Unnamed: 0,Country,Subject Descriptor,Units,Scale,2017,2018,2019,2020,2021,2022,2023,2024,Estimates Start After
0,Afghanistan,"Gross domestic product, current prices",U.S. dollars,Billions,20.235,19.63,18.734,18.861,19.998,21.54,23.237,25.19,2018.0
1,Afghanistan,"Gross domestic product per capita, current prices",U.S. dollars,Units,569.531,544.983,513.108,509.759,533.089,566.416,602.884,644.95,2016.0
2,Afghanistan,"Inflation, average consumer prices",Index,,110.998,111.693,114.583,119.742,125.427,131.699,138.284,145.198,2018.0
3,Afghanistan,Unemployment rate,Percent of total labor force,,,,,,,,,,
4,Afghanistan,Population,Persons,Millions,35.53,36.02,36.51,37.0,37.514,38.028,38.543,39.057,2016.0


In [5]:
# Get GDP value for Hong Kong, Macau and Taiwan
df_hongkong = df_WEO[df_WEO['Country'].str.contains('hong kong', case=False, na=False)]
hongkong_gdp = df_hongkong.loc[df_hongkong['Subject Descriptor'] == 'Gross domestic product, current prices', '2019'].values[0]

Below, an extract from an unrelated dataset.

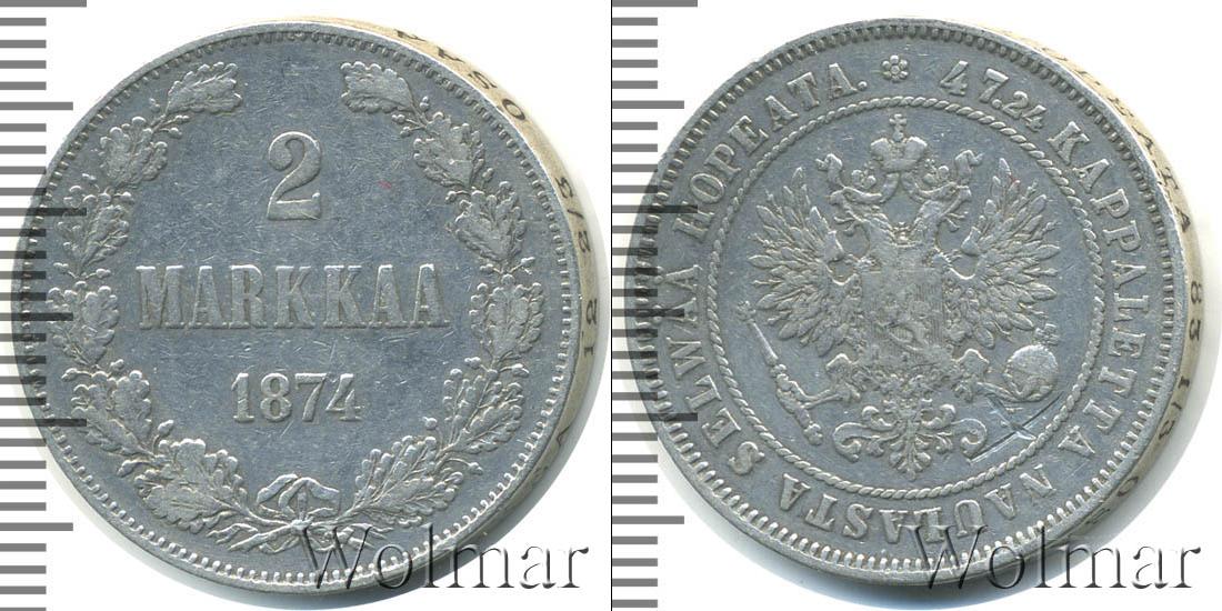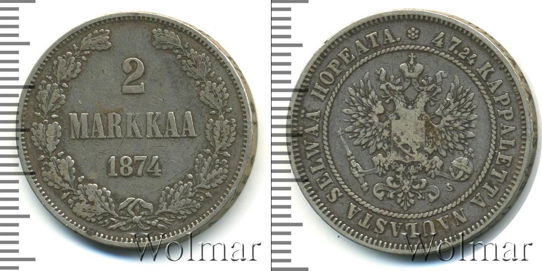 По центру сверху-вниз начертано: 2 MARKKAA 1874. Это указание на номинал и дату эмиссии монеты. Внизу мы видим узор из дубовых ветвей, скрепленных одной лентой. Вдоль канта – зубчатый орнамент.

df_macau = df_WEO[df_WEO['Country'].str.contains('maca', case=False, na=False)]
macau_gdp = df_macau.loc[df_macau['Subject Descriptor'] == 'Gross domestic product, current prices', '2019'].values[0]

df_taiwan = df_WEO[df_WEO['Country'].str.contains('taiwan', case=False, na=False)]
taiwan_gdp = df_taiwan.loc[df_taiwan['Subject Descriptor'] == 'Gross domestic product, current prices', '2019'].values[0]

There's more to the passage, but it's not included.